红莲累得满头大汗,转头可怜巴巴地看著陆云泽。
“主人,这东西太重了,我拿不动。”
陆云泽踢了那把镰刀一脚。
“放那吧,等会儿让胖子拿去回炉重造。”
红莲鬆了口气,继续在幽屠的骨头堆里翻找空间戒指之类的战利品。
陆云泽没有理会打扫战场的红莲。
他转身走向造化炉。
百米高的青铜丹炉还在散发著余温。
炉底的幽蓝火焰因为断绝了阴气来源,已经彻底熄灭。
炉口上方。
那块黑色的晶体依然悬浮在半空。
表面布满裂纹,散发著刺骨的死气。
这就是开天神装的最后一块碎片。
陆云泽踩著造化炉边缘的浮雕,几步跳到了炉口。
他伸出右手。
紫金色的气血包裹住手掌,直接抓住了那块碎片。
极寒的死气试图顺著手臂往上爬。
陆云泽体內的太阳法则自行运转。
金色的神圣火焰把死气强行压制回碎片內部。
他把碎片拿在手里掂了掂。
质感非常沉重。
他打开手环的储物空间。
把之前收集到的两块碎片也取了出来。
第一块是剑格状的黑色晶体。
第二块是不规则的金属残片。
第三块刚刚到手。
三块碎片放在一起的瞬间。
它们表面同时亮起暗红色的光芒。
陆云泽手里的碎片开始不受控制地剧烈震动。
三块碎片自动悬浮在空中。
互相吸引,边缘的裂缝完美契合。
在一阵刺眼的强光中,三块碎片融为一体。
黑色的晶石表面流转著神秘的法则纹路。
最终化作一件巴掌大小的黑色护心镜。
护心镜表面雕刻著一只闭著的眼睛。
散发著古老苍凉的气息。
这气息直接排开了周围的紫雾。
在密室中央形成了一片没有死气的真空地带。
强光照亮了整个玄冰密室。
护心镜散发出的气息极其霸道。
周围的幽冥法则遇到了天敌,快速向密室边缘退避。
甚至连空气中的刺鼻臭味都被驱散了不少。
眾人纷纷停下手里的动作,围拢过来。
夏盈盈收起冰霜长剑,盯著那面护心镜。
“这就是完整的开天神装?”
“看起来像是一件防御法宝。
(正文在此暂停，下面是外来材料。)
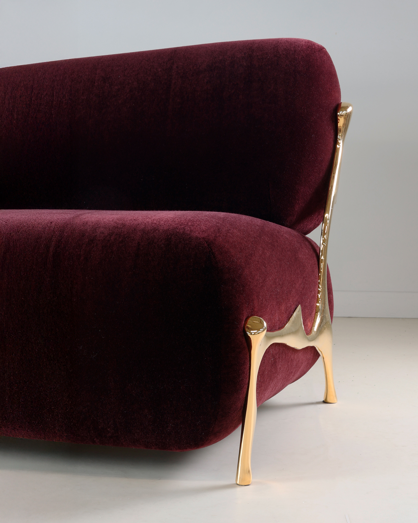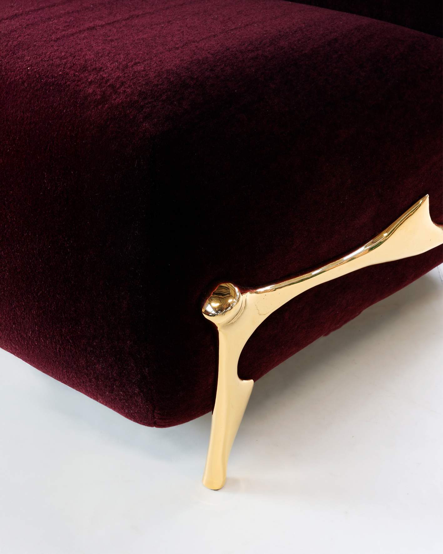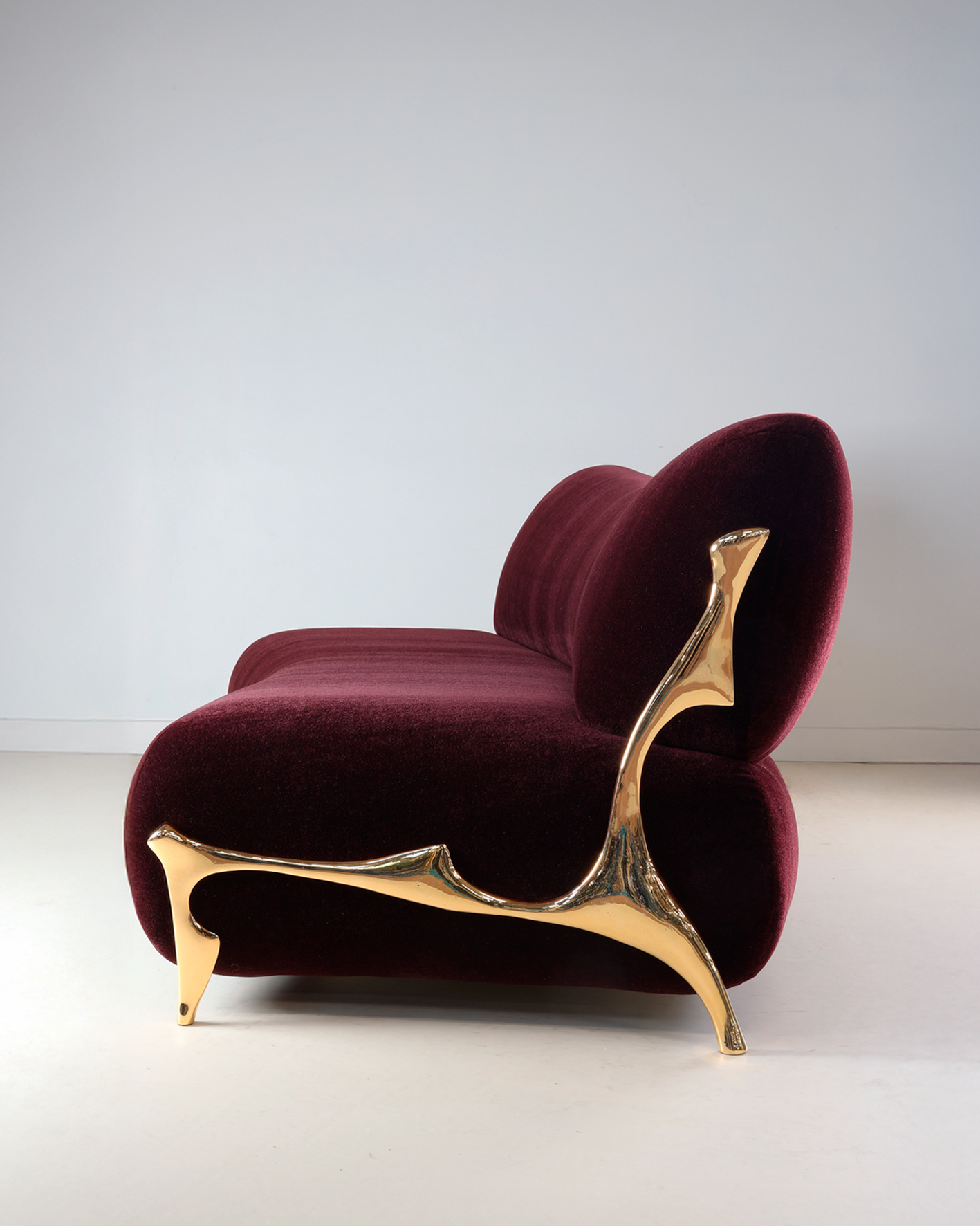 This piece, over two meters wide, combines their respective expertise: a base in 24-carat gold-plated bronze and a seat in mohair velvet.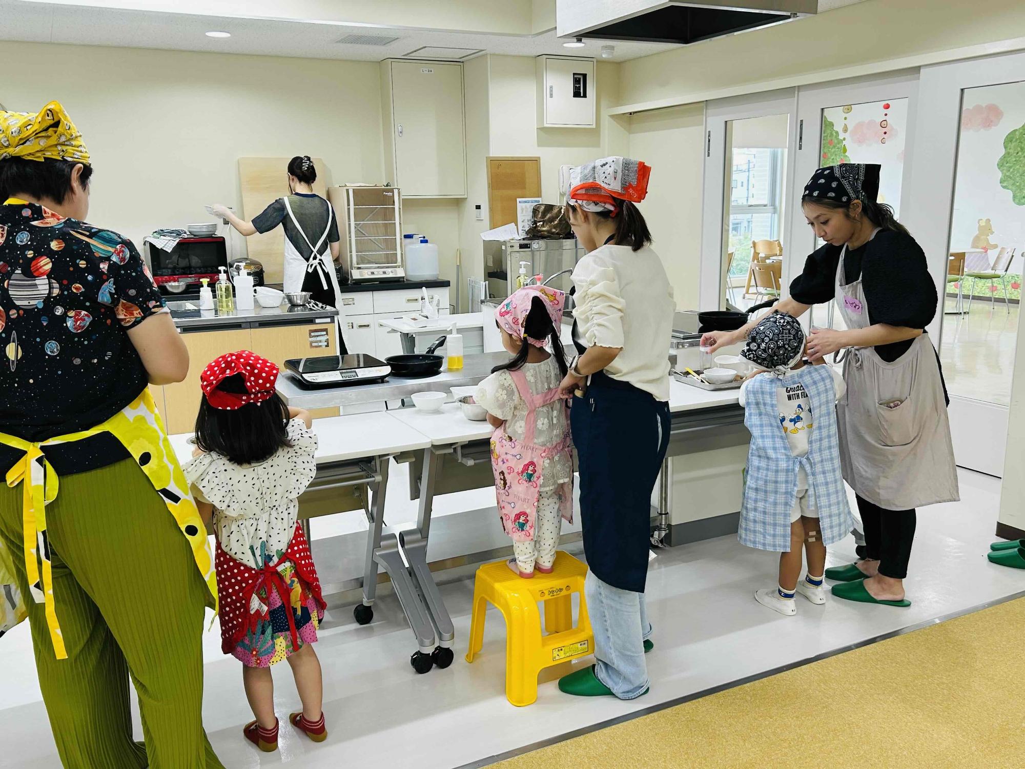 持ち物:飲み物、親子のエプロンと三角巾、手拭きタオル、あればお子様の上靴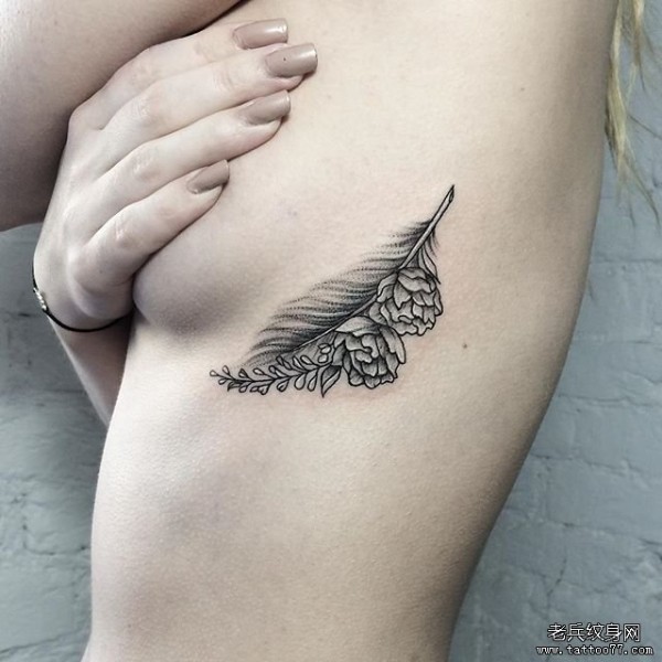 女生侧胸小清新羽毛玫瑰纹身图案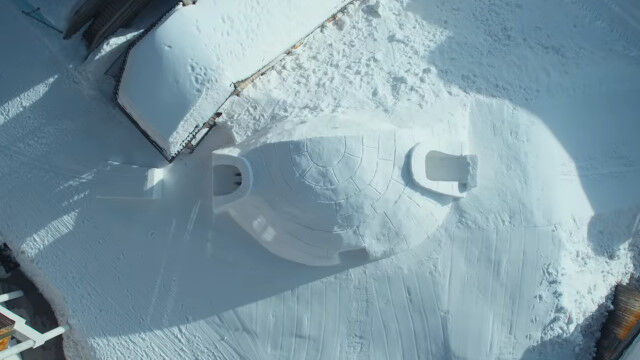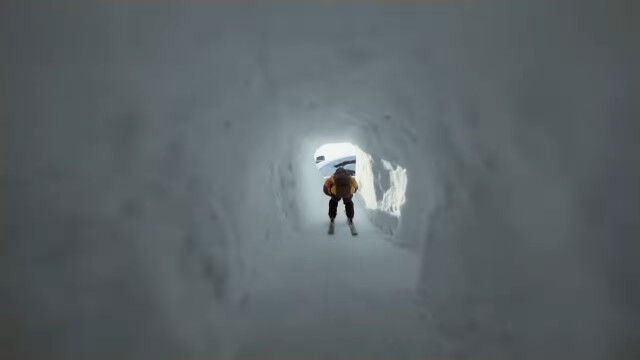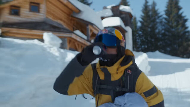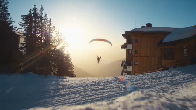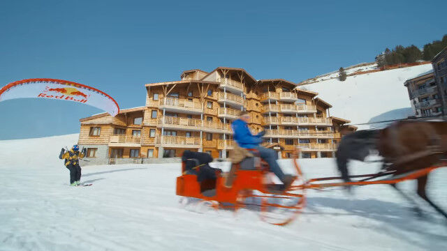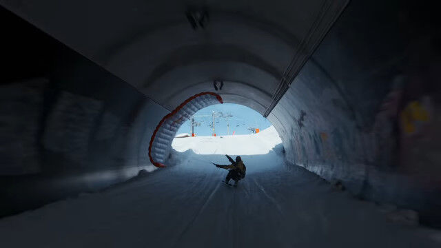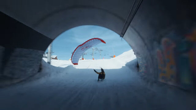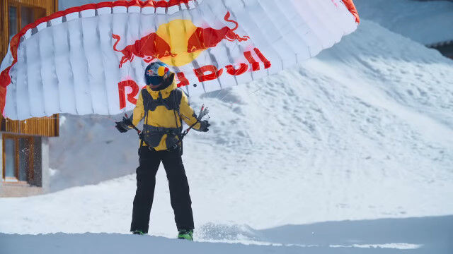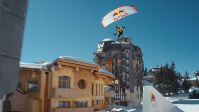 ビル外壁に設置したレッドブルのロゴを蹴り、屋上に積もった雪の上をかすめて滑り、途中でパラグライダーを収納してかまくら内を滑り、ジャンプ台で宙返り。
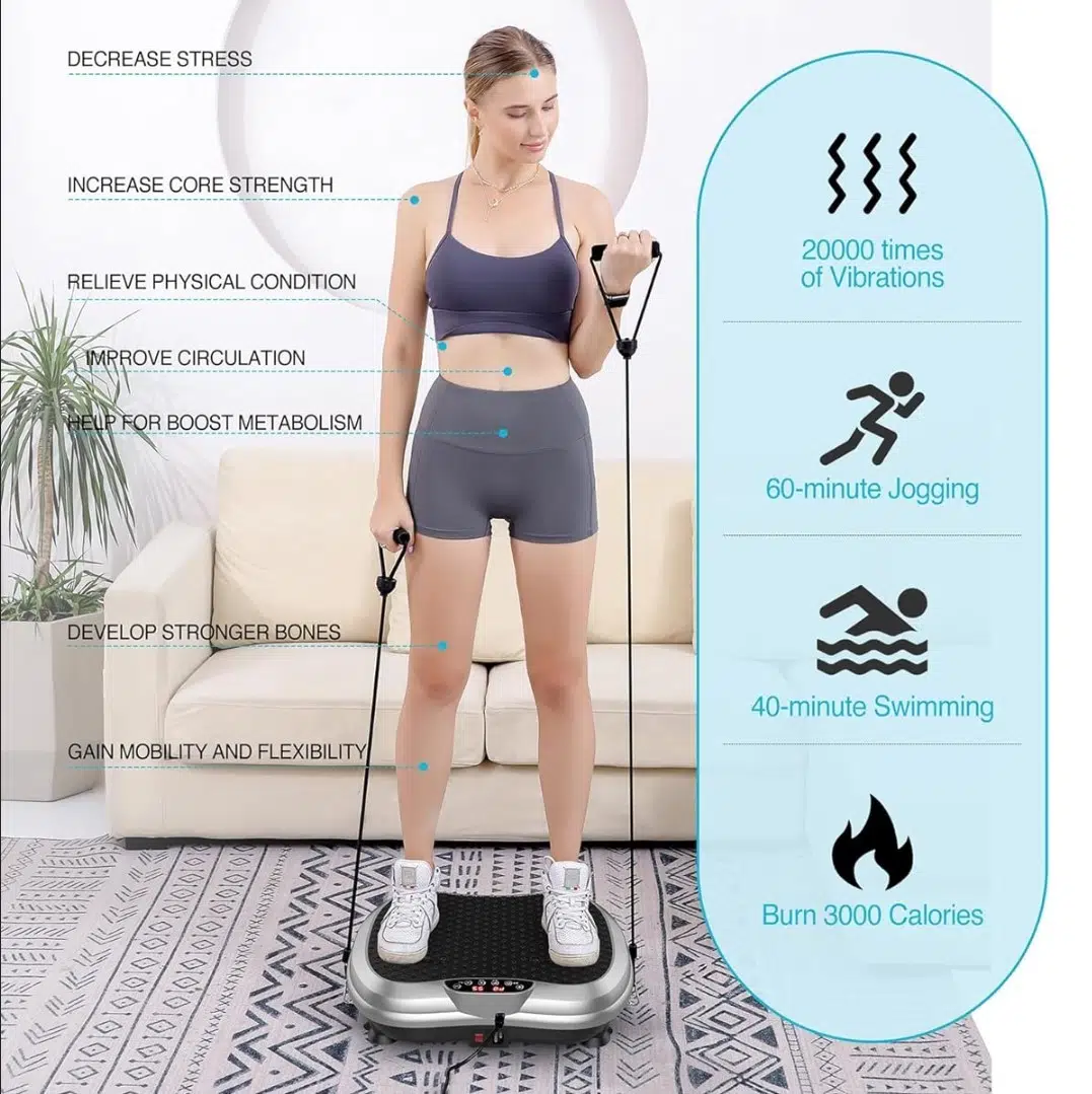 ✅HAYALİNİZDEKİ VÜCUDU OLUŞTURUN: İdeal vücudunuzu anında şekillendirmek için titreşimli egzersiz makinenize atlayın! Sistem, kasları uyaran tam vücut titreşimi oluşturarak ekstra kas kasılmasına ve artan aktivasyona neden olur. Bu tür bir makine, refleks reaksiyonlarını sürdürmeye yardımcı olarak kalori ve yağ yakar. Vücudunuzun yağları koşmaktan çok daha hızlı işlemesine yardımcı olabilir.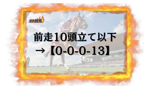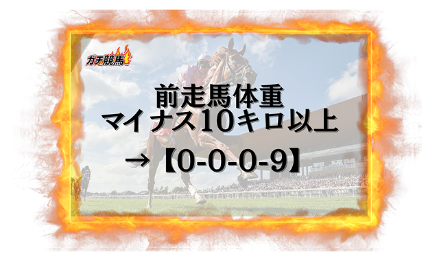 前走が馬体重マイナス10キロ以上だった馬は、1頭も馬券に絡んでいません。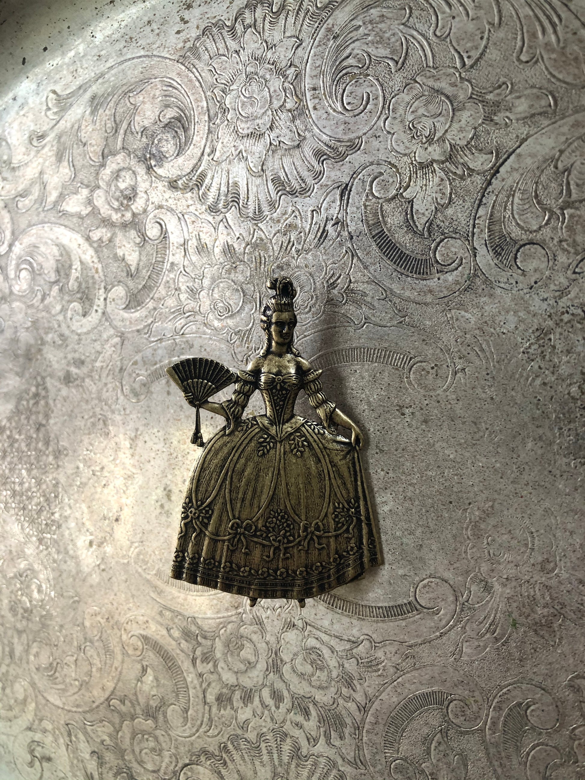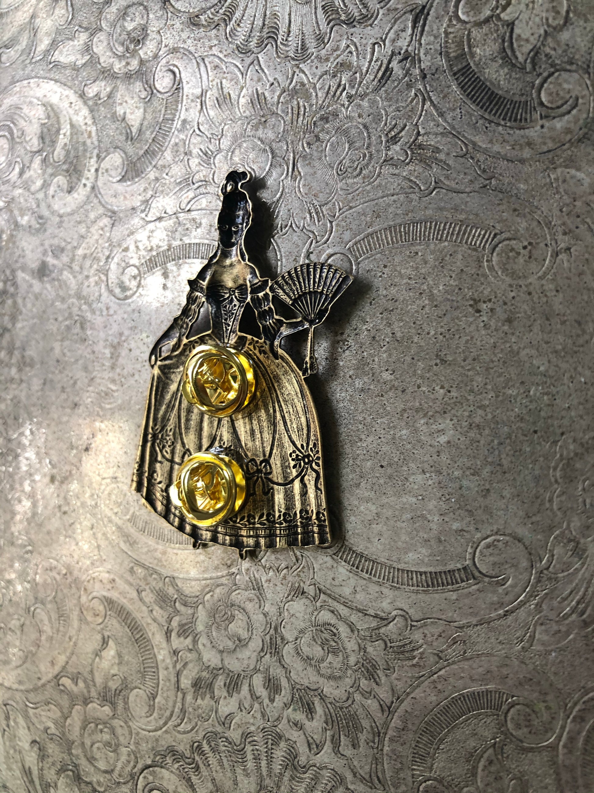 Marie Antoinette vintage inspired brass stamping with two tie tack pins on the back.
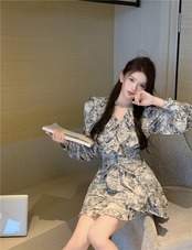 オフィスレディスーツ春と秋のセクシーなレトロなのインク花柄長袖 V ネックフリルウエストドレス 2 点セット ロング スプリング 春物 オータム 秋物 Vネック 会社 学校 通勤や通学にも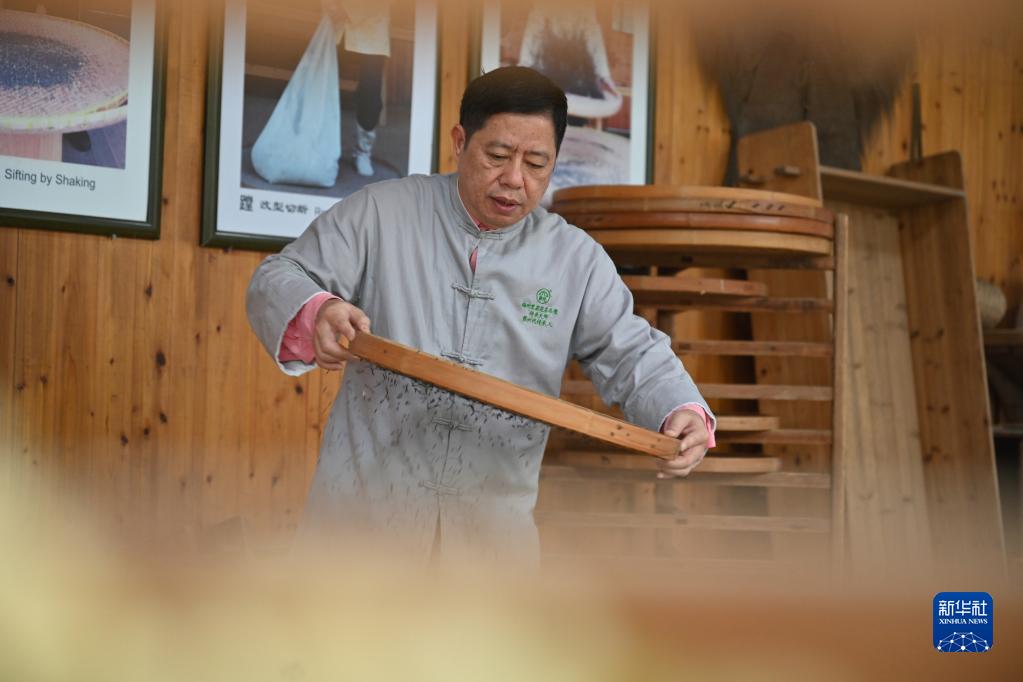12月16日,在福州茉莉花茶制茶工坊,福州茉莉花茶傳統窨制工藝大師傅天甫進行制茶的第一道工序“平”。“平”就是用多孔竹制品篩茶,將毛茶分出大小、粗細。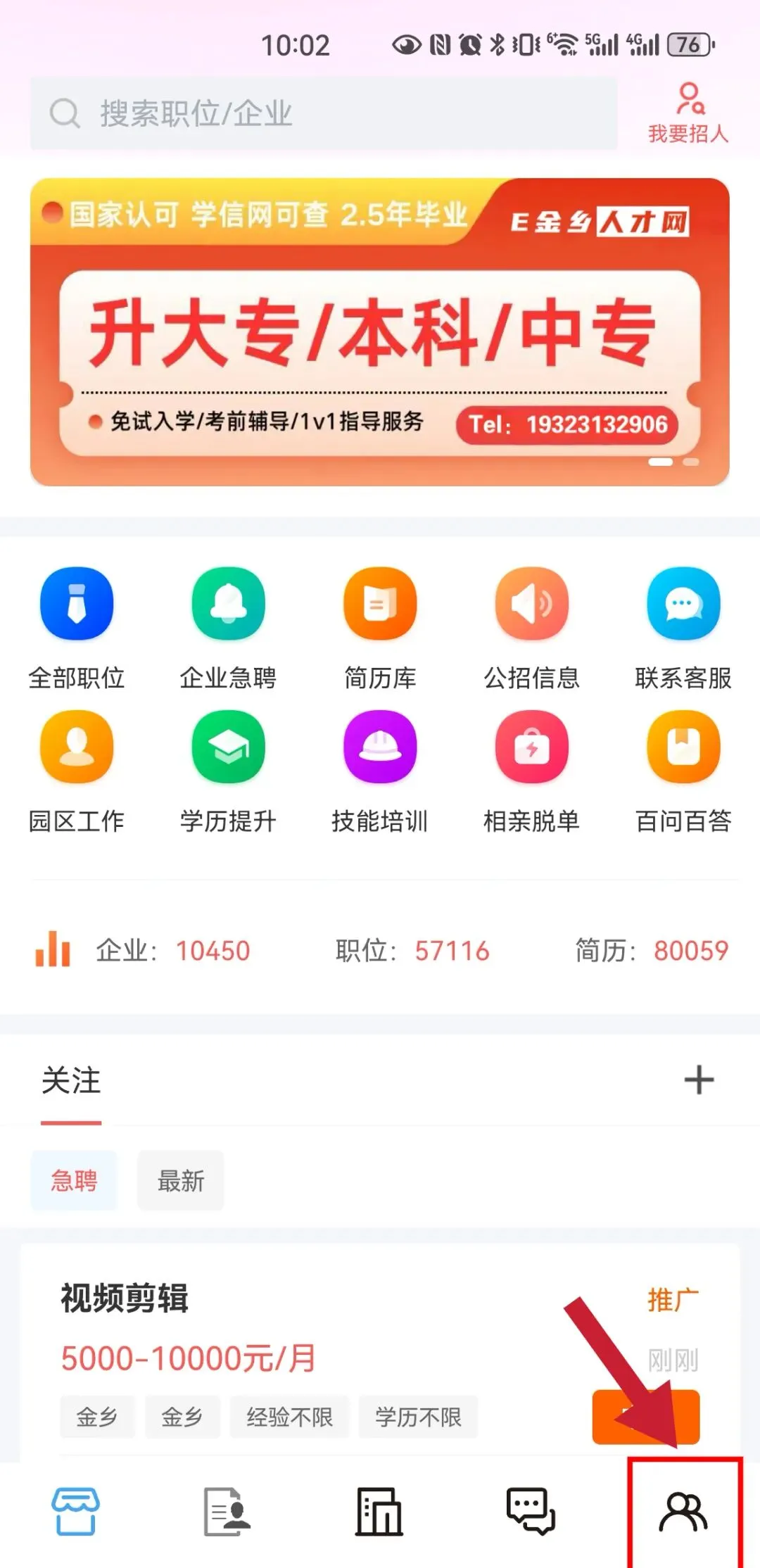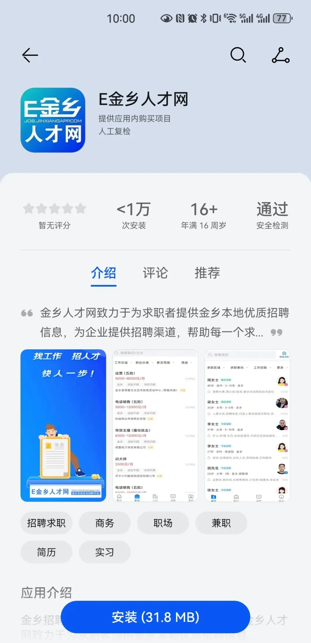 赶紧下载E金乡人才网APP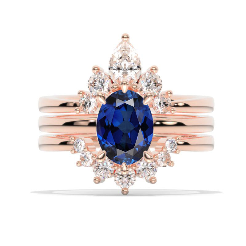 2 Carat Oval Blue Sapphire Engagement 14K White Gold Three Fairy Tail Ring Eternity Ring Set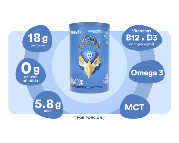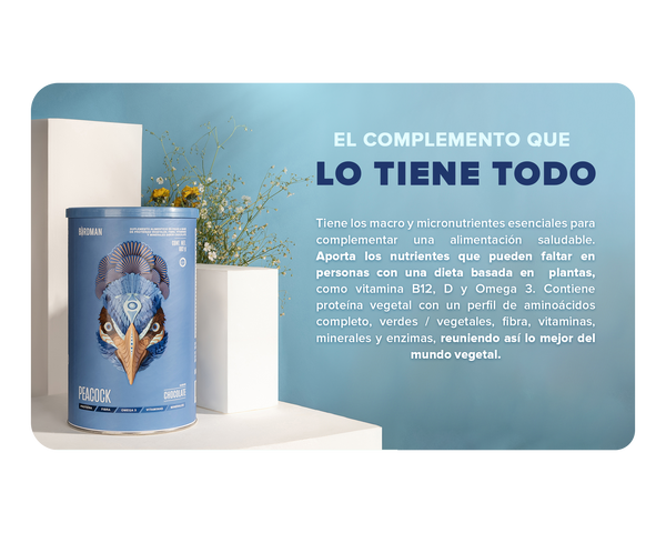 Con Peacock buscamos aportar los macronutrientes típicos de una dieta alta en proteína y los micronutrientes que te ayudarán a complementar tu alimentación para llevar una dieta saludable. Peacock aporta especialmente aquellos nutrientes que tienden a hacer falta en personas que siguen una dieta basada en plantas como Vitamina B-12, Vitamina D y ácidos grasos Omegas 3 y 6. Contiene proteína vegetal con un perfil de aminoácidos completo, verdes/vegetales, fibra, vitaminas, minerales y enzimas. Peacock es un suplemento que ofrece lo mejor del reino vegetal. Disponible en delicioso sabor chocolate y coco-vanilla.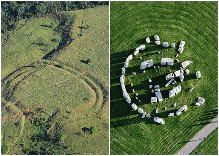 巴西两林的巨大图案(左图),与巨石阵(右图)有几分相似。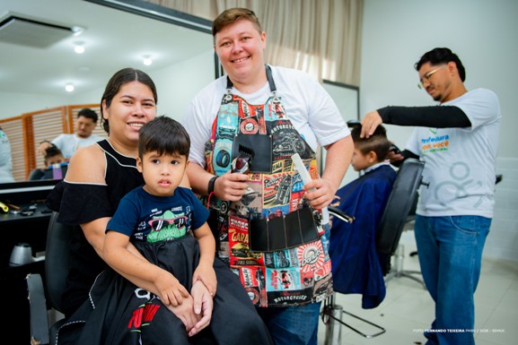 “Ele é aluno aqui na Escola Professor Ronilson, e foi assim que soube da ação. Sempre aproveito quando acontecem essas iniciativas. Quando ele vai cortar o cabelo, vou conversando com ele, peço para ficar quietinho, e ele entende”, relatou.

”
慕容凝冰微微摇头。
“不全是防御。”
“这上面附带的因果和法则极其复杂。”
陆云泽伸手握住护心镜。
触手冰凉,但没有那种侵蚀灵魂的死气了。
通讯器里传来徐长青激动的声音。
老道士的声音都在发抖。
“真的是开天神装!”
“老板,你凑齐了仙庭耗尽无数资源都没能重组的圣物!”
“有了这东西,我们可以再建仙庭辉煌!”
陆云泽把护心镜掛在脖子上。
护心镜贴著胸口,化作一道流光隱入体內。
他拍了拍胸口,感觉体內多了一道可以隨时调用的本源法则。
“老徐,这东西效果以后再研究。”
“现在先处理眼前的事。”
他转头看向高台下方。
那些被铁链锁著的仙庭遗民,在南冥王死后就已经醒了。
他们一个个互相搀扶著站起来。
眼神惊恐地看著这群生猛的外来者。
这些人身上穿著破烂的兽皮和骨甲。
皮肤苍白没有血色。
但他们体內確实有极其微弱的气血在流动。
一个头髮花白的老者走到最前面。
他看著陆云泽,又看了看旁边的大花袄机甲。
眼底的震惊无以復加。
“你们……你们是活人?”
老者的声音沙哑乾涩,像是两块砂纸在摩擦。
陆云泽走下高台。
金箍棒在地上划出一道浅痕。
“如假包换。”
老者看清陆云泽没有被幽冥法则腐蚀。
他扑通一声跪在地上。
身后的几十个遗民也跟著跪下。
“仙庭遗民后裔,多谢大人救命之恩!”
老者眼眶里流出浑浊的泪水。
“几千年了,我们终於见到活人了。”
陆云泽挥动金箍棒。
紫金色的气劲扫过。
把那些遗民手脚上的黑色铁链全部斩断。
铁链断裂的声音在密室里迴响。
“起来吧。”
“不用跪我,我不是仙庭的人。”
老者颤颤巍巍地站起来。
他擦了一把眼泪,看著陆云泽的眼神里充满了敬畏。
“大人能一击杀死南冥王。”
“就算是当年仙庭的镇海神將,也不过如此。”
陆云泽对这种吹捧没有太大兴趣。
他指著背后的造化炉。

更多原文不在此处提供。